_WHAT THE EXERCISE ASKS_.
Would you copy only the lines below, from the one containing "ラメ星型サンタさんパーツデザイン ヘアゴム キッズ" through the very last one, leaving the pictures out?

↓↓↓

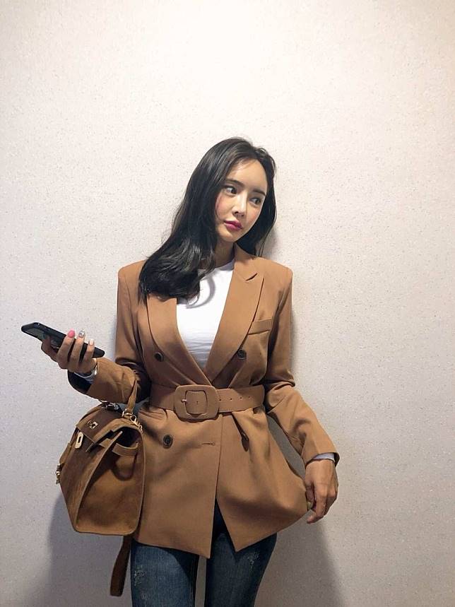 也可選擇腰帶設計的奶茶色西裝外套,溫柔外別有一點復古的美麗喔!
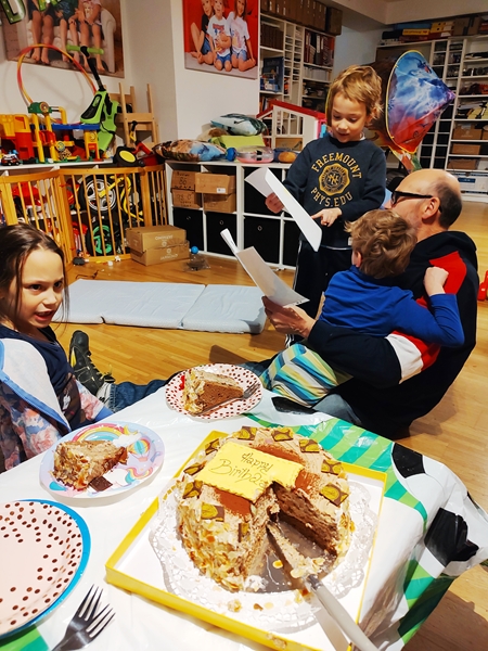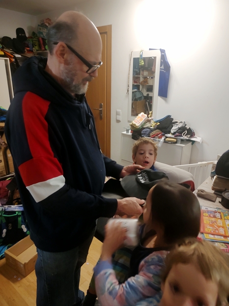 Just after they had left, the doorbell rang. Randy's birthday presents had arrived. A few minutes later Grandma also had to say her good-byes, so we all went upstairs. It was time for me to get back to work. I still had some time until teaching at 5 pm. However, Emmy had one of his fits, and this one lasted until 6 pm. He was upset that he had to do two maths papers for school before getting to use his tablet. I also wanted him to do his reading practice. I started teaching at 5 pm, and the whole time I was teaching he was screaming and/or crying. Thankfully Sammy was fine, eating his dinner I had made and given them and watching his tablet.
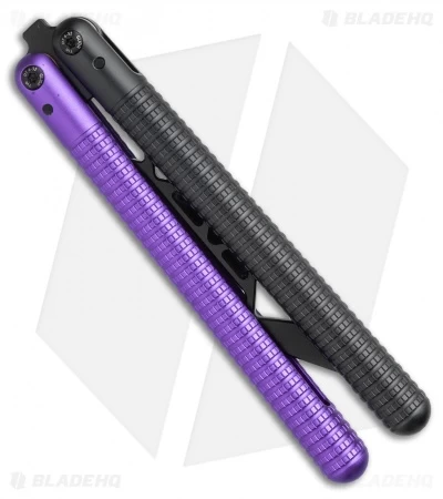 This SAHARA balisong trainer features a black blade and black and purple handles.
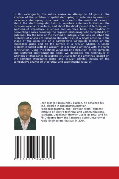 In this monograph, the author makes an attempt to fill gaps in the solution of the problem of spatial decoupling of antennas by means of impedance decoupling structures. He presents the results of research about the electromagnetic fields of aperture antennas located on the common impedance surfaces, and about the development of techniques of synthesis of impedance structures and on their basis, the creation of decoupling devices providing the required electromagnetic compatibility of antennas. On the basis of the method of integral equations we solved the problems of analysis of radiation characteristics of a single antenna in the shape of the open end of a parallel-plate waveguide located on the impedance plane and on the surface of a circular cylinder. A similar problem is solved with the account of a receiving antenna with the same construction. Using the defined variations of distribution of the complete and scattered electromagnetic fields, we developed the techniques of synthesis of impedance decoupling structures for the antennas located on the common impedance plane and circular cylinder. Results of the comparative analysis of theoretical and experimental research.
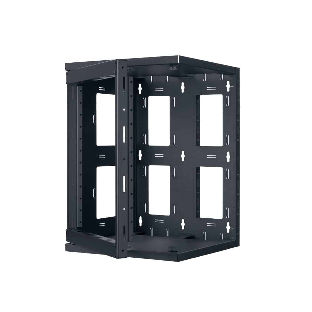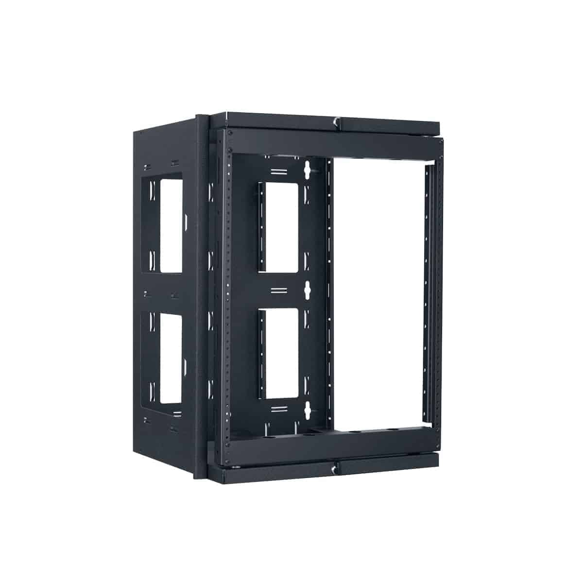 The swing gate wall rack shall be Lowell Model SGR-1218 which shall measure 27.48″H x 20.03″W x 19.00″D, which shall be constructed of heavy-gauge steel with combination textured- and smooth-black powder-coat finish. It shall feature one fully-open side and a swing gate that shall open 90 degrees to access mounted equipment. A thumb latch shall secure the frame closed. The rack shall provide 12 rack units of panel space and include cable paths, tie points, and one-pair of fixed position mounting rails tapped 10-32. Load capacity shall be 150 lbs. The rack shall be manufactured in the USA using USA-certified steel. It shall be Trade Agreement Act (TAA) compliant and Buy American Act (BAA) compliant.
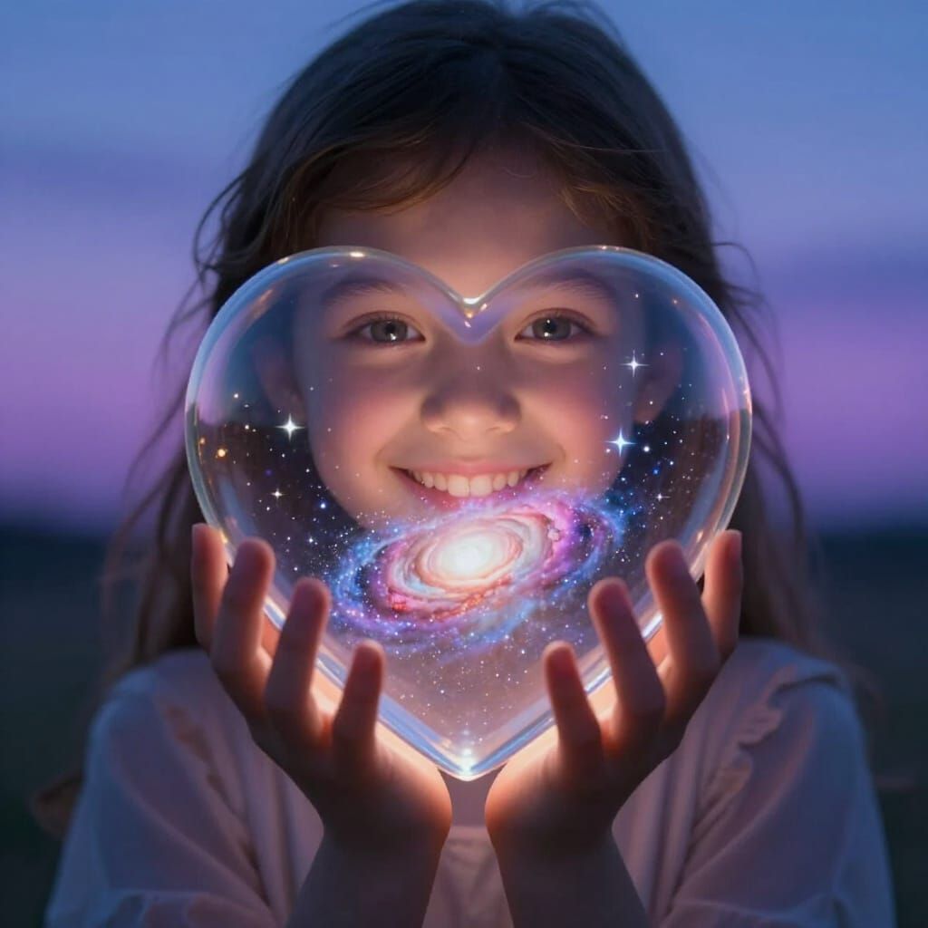 A cute girl smiles holding a transparent glass heart with a swirling galaxy inside. This fantasy digital painting features soft lighting and intricate detail, with cosmic light illuminating her face.
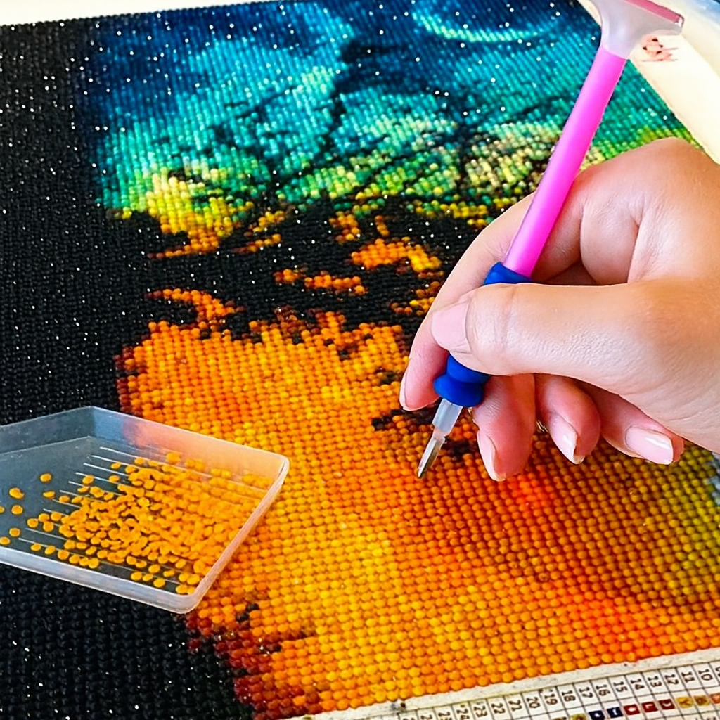 Diamond painting is a relaxing, meditative craft that helps quiet stress and anxiety, allowing you to focus on the soothing rhythm of placing each sparkling diamond.
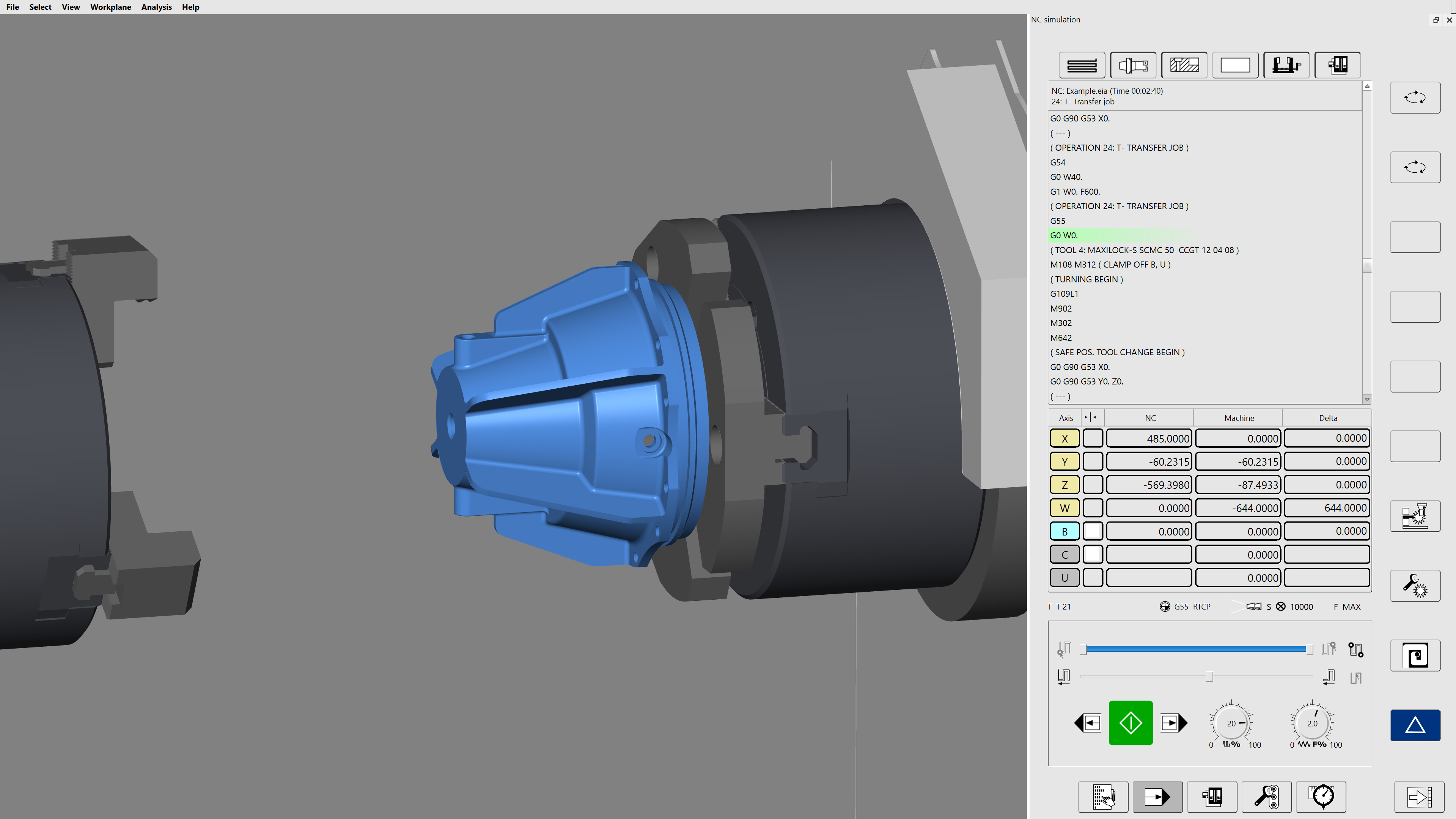 New in hyperMILL® VIRTUAL Machining: Simulation of part transfer on a machine with main and counter spindles and a milling head.
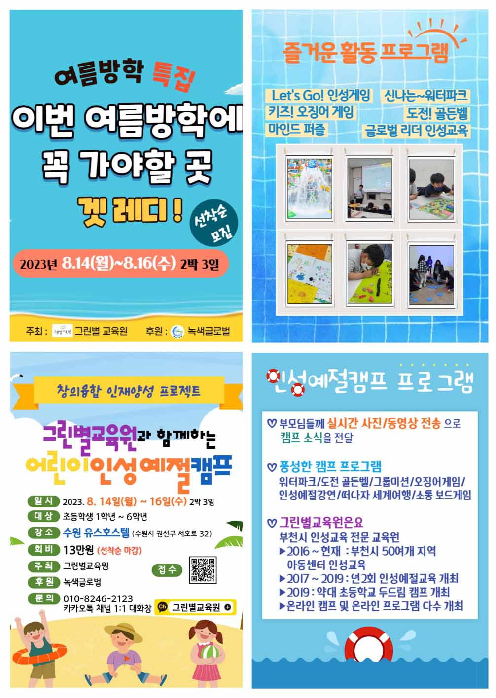 그린별교육원은 여름방학을 맞아 오는 8월 14일(월)~8월 16일(수), 2박 3일 일정으로 수원 유스호스텔에서 어린이 인성 예절 캠프를 마련한다고 3일 밝혔다.
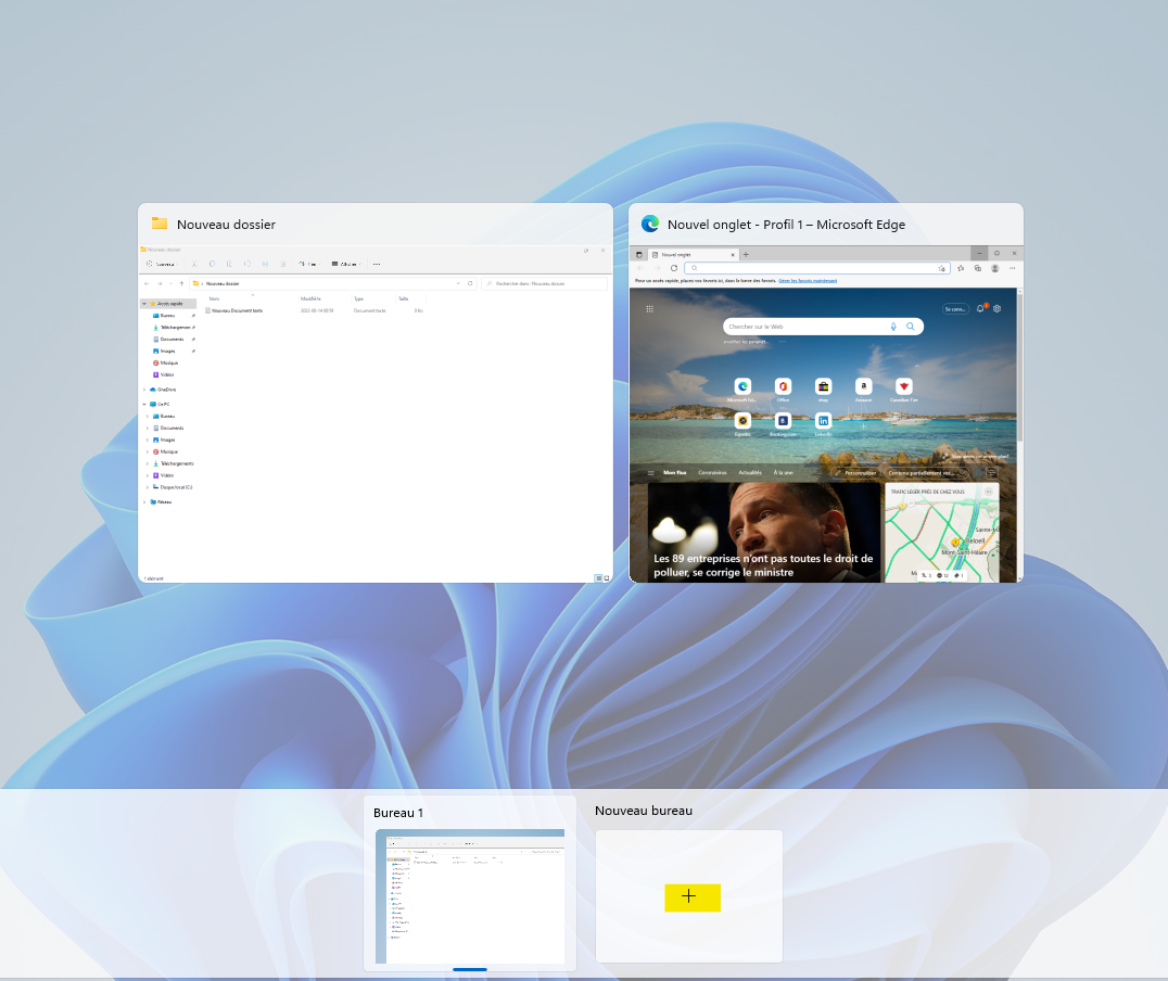 Pour accéder à la **vue des tâches **ou affichage des tâches, le raccourci Logo Windows + Tab permet d'y accéder directement.
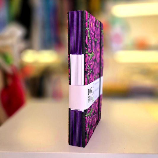 Libreta Pasta Dura Cosida| Flores Moradas | Hojas Blancas
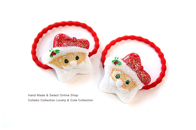 ラメ星型サンタさんパーツデザイン ヘアゴム キッズ 子供 ヘアアクセサリー 髪飾り 髪留め 保育園 幼稚園 パーツ クリスマス
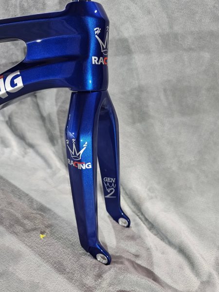 It’s a beautiful frame with an awesome blue paint job. And I love big bold branding on frames which this bike is sporting very well. There’s also matching carbon forks for the frame which has enclosed 20mm dropouts.

↑↑↑

_RESULT BELOW_.
 ラメ星型サンタさんパーツデザイン ヘアゴム キッズ 子供 ヘアアクセサリー 髪飾り 髪留め 保育園 幼稚園 パーツ クリスマス
 It’s a beautiful frame with an awesome blue paint job. And I love big bold branding on frames which this bike is sporting very well. There’s also matching carbon forks for the frame which has enclosed 20mm dropouts.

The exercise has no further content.